Thank you very much for your comments. We agree with your comments. The dimensions of the auxiliary tooth are obtained by considering a basic sweep analysis, including length and width. Since the length of the auxiliary teeth has a huge influence on the self-inductance and mutual inductance of the PMSM, the length of the auxiliary teeth is determined first. However, the width of the auxiliary teeth is determined by considering the self-inductance and mutual inductance, short-circuit current and performance of the PMSM. Additionally, the short-circuit current and torque decrease approximately linearly with increasing width of the auxiliary teeth. However, the torque reduction shows slight fluctuations. Therefore, it is important to avoid a significant drop of the torque. Notably, when the width of the auxiliary teeth exceeds 4 mm, there is a marked decrease in torque. It is necessary to reduce the short-circuit current while reduce the impact on torque. Consequently, the width of the auxiliary teeth is selected to be 4 mm. Due to the design of the auxiliary teeth, the steady-state short-circuit current decreases from 123 A to 90 A, and the peak short-circuit current decreases from 234 A to 183 A, representing reductions of 27 % and 22 %, respectively. The adoption of the auxiliary teeth results in a decrease in average torque from 368 N·m to 354 N·m, accompanied by an increase in torque ripple from 2.6 % to 2.9 %. Additionally, in the auxiliary teeth design, the width of the stator teeth decreases as the size of auxiliary teeth increases, ensuring the groove area remains consistent.

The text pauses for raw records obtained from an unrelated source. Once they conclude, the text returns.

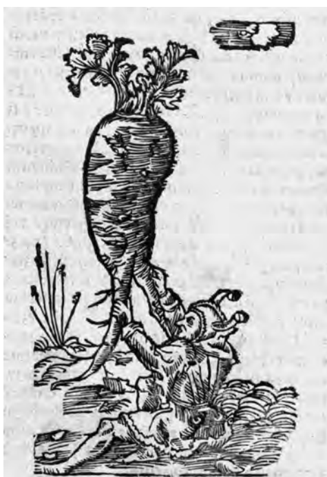
Il. 5c. P. de' Crescenzi, O pomnożeniu i rozkrzewieniu wszelakich pożytków , szp. 240; BN, SD XVI.F.172, fot. POLONA
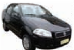
Siena 1.4 Flex Completo - preto - 12/13 R$ 32.900

(11) 4977-9000 autoshoppingglobal.com.br
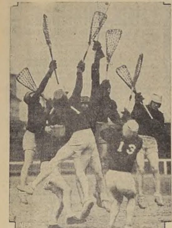
El juego de Lacrosse, uno de los más violentos que se conocen, apasiona a los estudiantes de Canadá, que lo practican mucho. Esta foto fue obtenida durante un match disputado en el Field del Instituto de Tecnología de Hoboken, Nueva Jersey, entre un team norteamericano y otro canadiense.
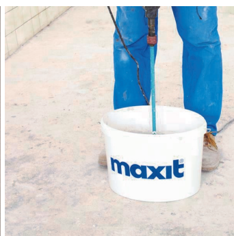
Obr.3 Promíchání penetračního nátěru.
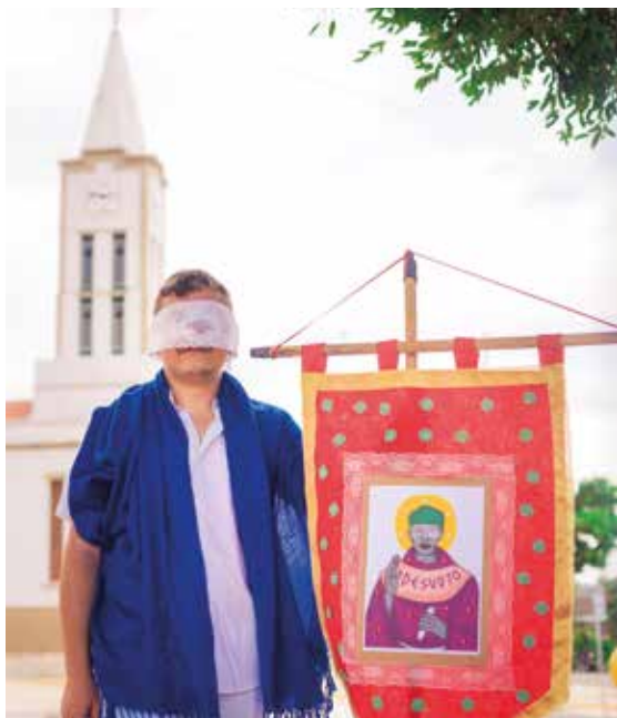
Nosso Senhor dos Des-votos . Estandarte em tecido, oração impressa em papel, 2022.
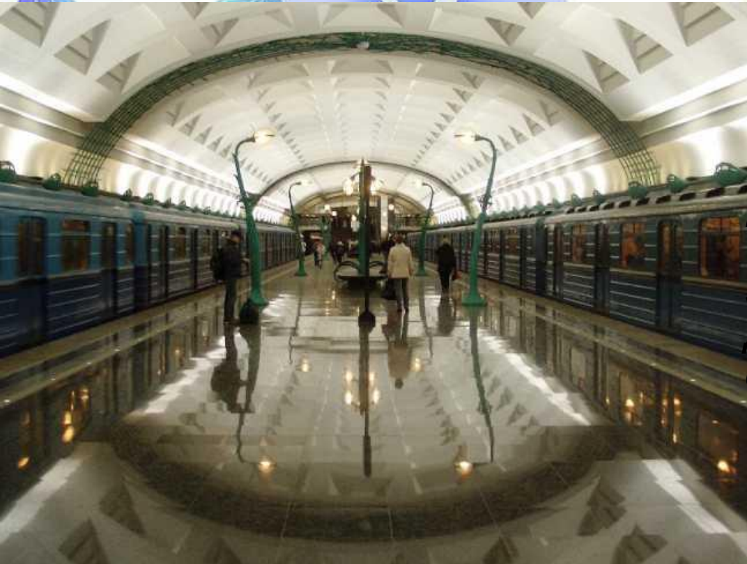
Схема метро похожа немножко На разноцветную «многоножку» Только, по правде, каждая «ножка» - Для электрички рельсо дорожка.
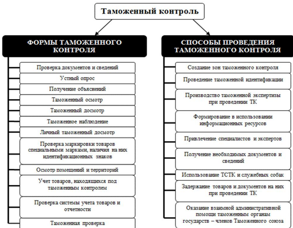
Рис. 1. Формы и способы проведения таможенного контроля в соответствии с ТК ТС.

Кроме того, в ТК ТС предусмотрены действия, применяемые таможенными органами для наиболее эффективной реализации избранной формы таможенного контроля, которые можно обозначить как способы проведения таможенного контроля.
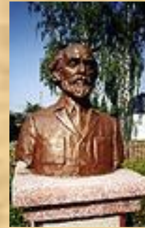
Памятник М.М. Пришвину (2001г., с.Становое)
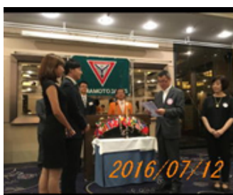
メネット同伴での入会式

8月4日～7日まで台湾での国際大会。8日はアジア会議に参加して参ります。報告は9月号でいたします。
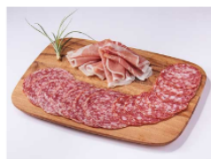
イタリア3種パック 1,080円(税込)
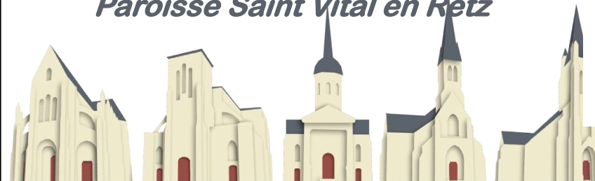
St Père en Retz

As a result, the slot fill rate and current density are kept constant. (referred to Paragraph 4 and 5, Section 3.2)

 

 

Comment 5:

In this paper, high reliability is quantified only by the magnitude of SC current, but little evidence is provided to demonstrate this reliability increase when compared to other design alternatives. A numerical indicator should be devised or extracted from literature to disclose the “reliability” variation.

 

Response:

Thank you very much for your comments! Your comments are valuable and helpful for improving the quality of this manuscript. Due to the design of the auxiliary teeth, the steady-state short-circuit current decreases from 123 A to 90 A, and the peak short-circuit current decreases from 234 A to 183 A, representing reductions of 27 % and 22 %, respectively. Reducing the short-circuit current effectively lowers the temperature and the risk of melting in the event of machine winding short circuit, thereby enhancing the reliability of the PMSM. Additionally, the degree of phase-to-phase coupling can serve as an indicator of the reliability of the PMSM. The degree of phase-to-phase coupling of the PMSM without auxiliary teeth is calculated as 23%. However, the phase-to-phase coupling for the PMSM with auxiliary teeth is only 12%, indicating a significant improvement in reliability. (referred to Paragraph 2, Section 4)

 

 

Comment 6:

There are several pieces of information missing in the Experimental Validation section. The authors need to provide information about the experimental setup, including the specifics of the measuring devices and other relevant equipment.

 

Response:

Thank you very much for your comment! The experimental platform is shown in Fig. R1, including the controller and machine.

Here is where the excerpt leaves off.